Data extracts —
========

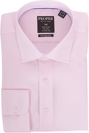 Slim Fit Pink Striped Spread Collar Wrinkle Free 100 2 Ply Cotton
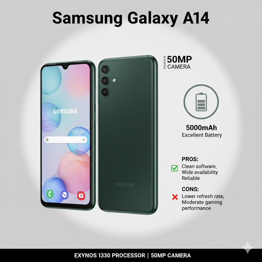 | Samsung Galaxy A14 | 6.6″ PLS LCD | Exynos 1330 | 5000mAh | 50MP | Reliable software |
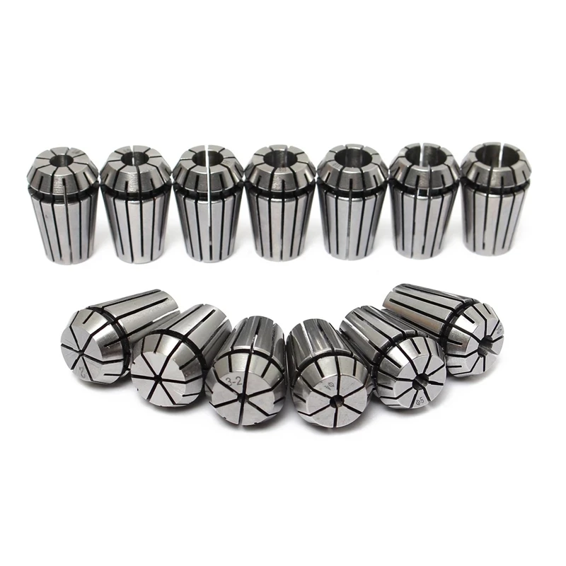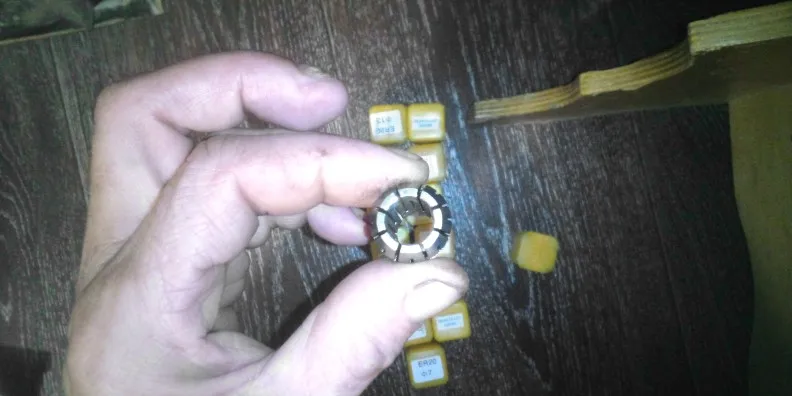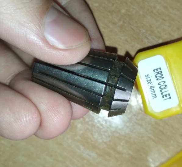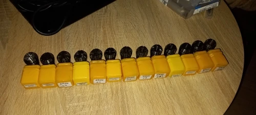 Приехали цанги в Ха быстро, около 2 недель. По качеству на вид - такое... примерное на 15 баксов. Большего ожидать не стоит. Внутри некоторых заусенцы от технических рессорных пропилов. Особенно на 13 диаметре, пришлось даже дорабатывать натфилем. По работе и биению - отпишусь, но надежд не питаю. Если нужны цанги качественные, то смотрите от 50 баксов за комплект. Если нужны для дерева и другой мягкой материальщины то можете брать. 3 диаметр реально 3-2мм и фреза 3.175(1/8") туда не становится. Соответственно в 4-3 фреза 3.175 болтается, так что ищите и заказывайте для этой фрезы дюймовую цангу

========

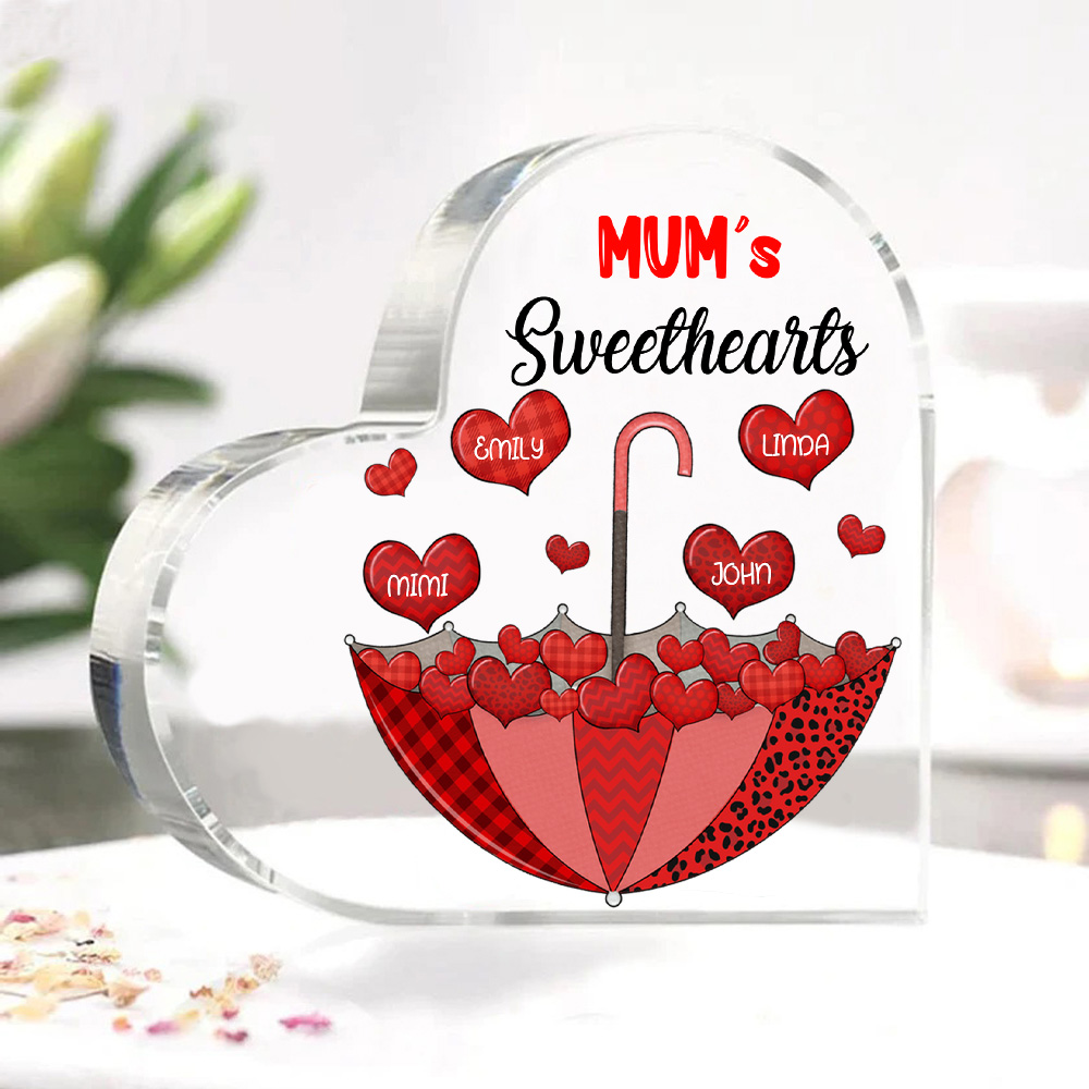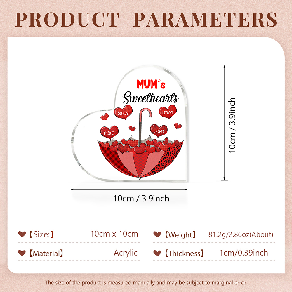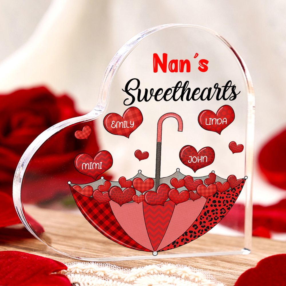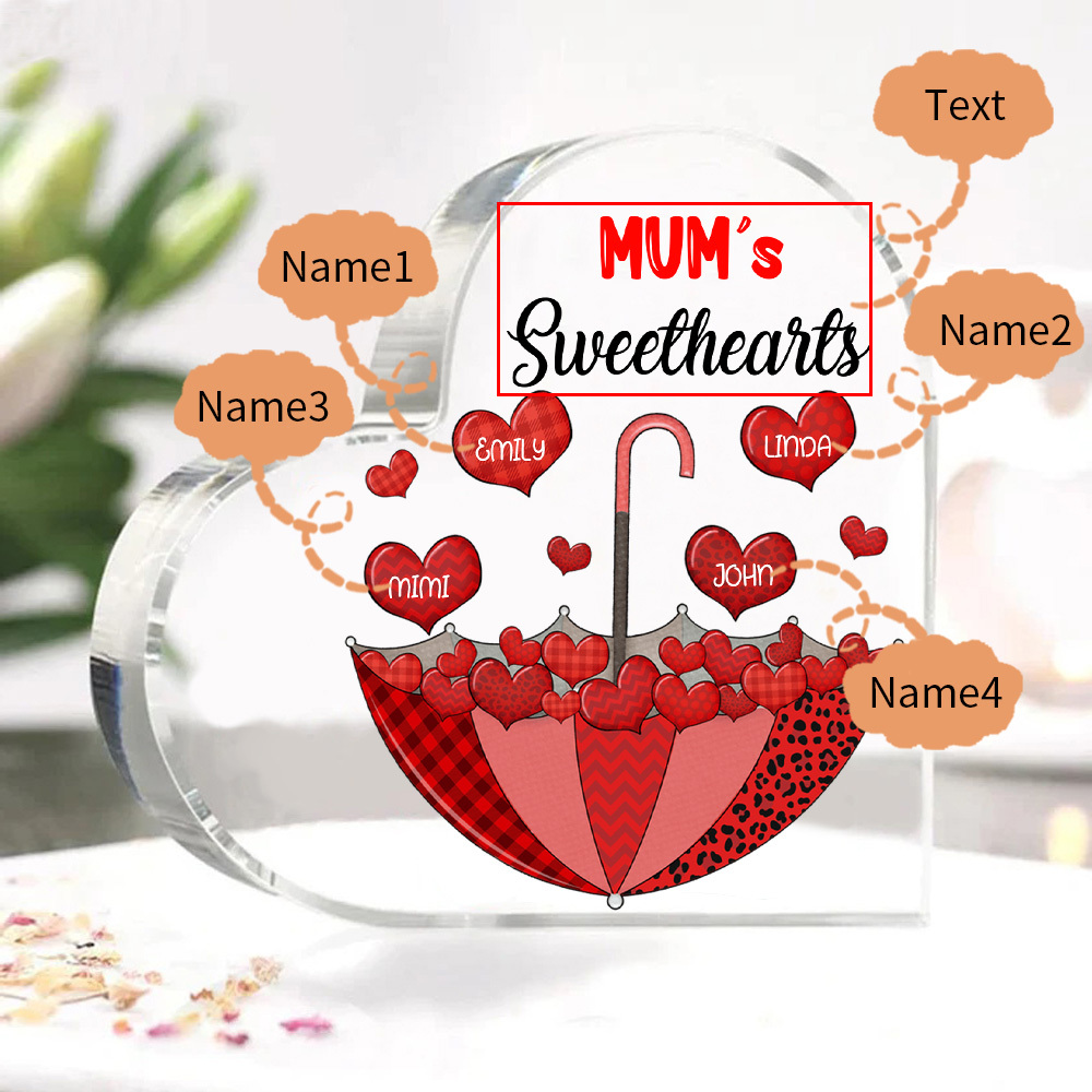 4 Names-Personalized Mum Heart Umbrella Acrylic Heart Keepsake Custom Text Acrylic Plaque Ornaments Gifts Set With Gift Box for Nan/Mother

========

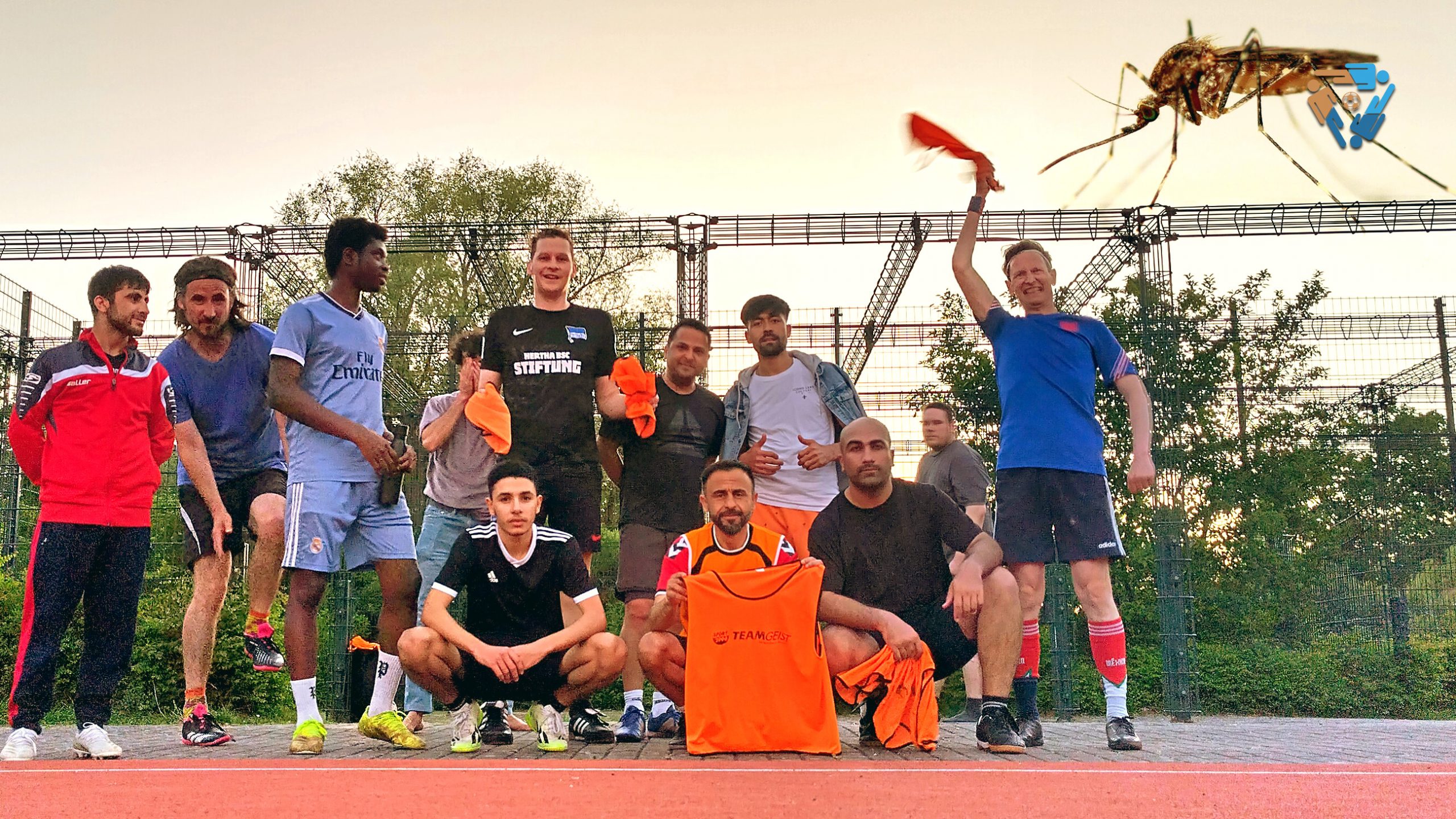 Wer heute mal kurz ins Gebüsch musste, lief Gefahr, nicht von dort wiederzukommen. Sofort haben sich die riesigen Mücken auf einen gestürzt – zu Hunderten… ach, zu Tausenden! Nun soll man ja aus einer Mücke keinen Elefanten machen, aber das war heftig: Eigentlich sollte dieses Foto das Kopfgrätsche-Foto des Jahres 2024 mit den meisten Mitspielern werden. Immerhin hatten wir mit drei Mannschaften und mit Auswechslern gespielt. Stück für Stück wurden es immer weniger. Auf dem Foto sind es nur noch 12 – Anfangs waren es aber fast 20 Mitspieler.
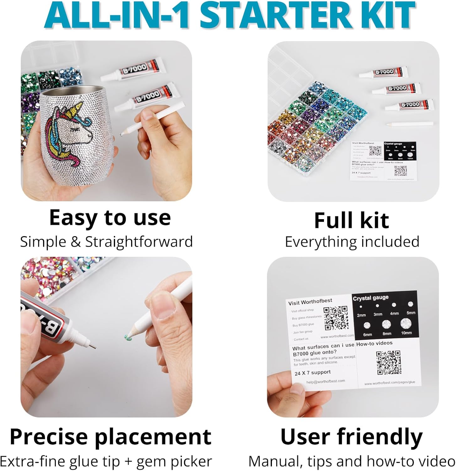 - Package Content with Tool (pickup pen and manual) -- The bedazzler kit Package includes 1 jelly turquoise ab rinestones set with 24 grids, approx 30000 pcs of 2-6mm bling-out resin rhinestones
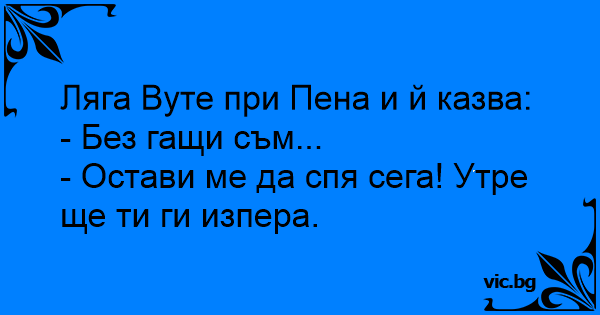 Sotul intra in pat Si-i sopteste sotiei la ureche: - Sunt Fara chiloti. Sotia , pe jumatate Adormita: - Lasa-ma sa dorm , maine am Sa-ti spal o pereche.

========

Brief —
What are the lines above from the one with "- Package Content" to the one with "Sotul intra in", both included? Reproduce them exactly, without pictures.

Solution below —
 - Package Content with Tool (pickup pen and manual) -- The bedazzler kit Package includes 1 jelly turquoise ab rinestones set with 24 grids, approx 30000 pcs of 2-6mm bling-out resin rhinestones
 Sotul intra in pat Si-i sopteste sotiei la ureche: - Sunt Fara chiloti. Sotia , pe jumatate Adormita: - Lasa-ma sa dorm , maine am Sa-ti spal o pereche.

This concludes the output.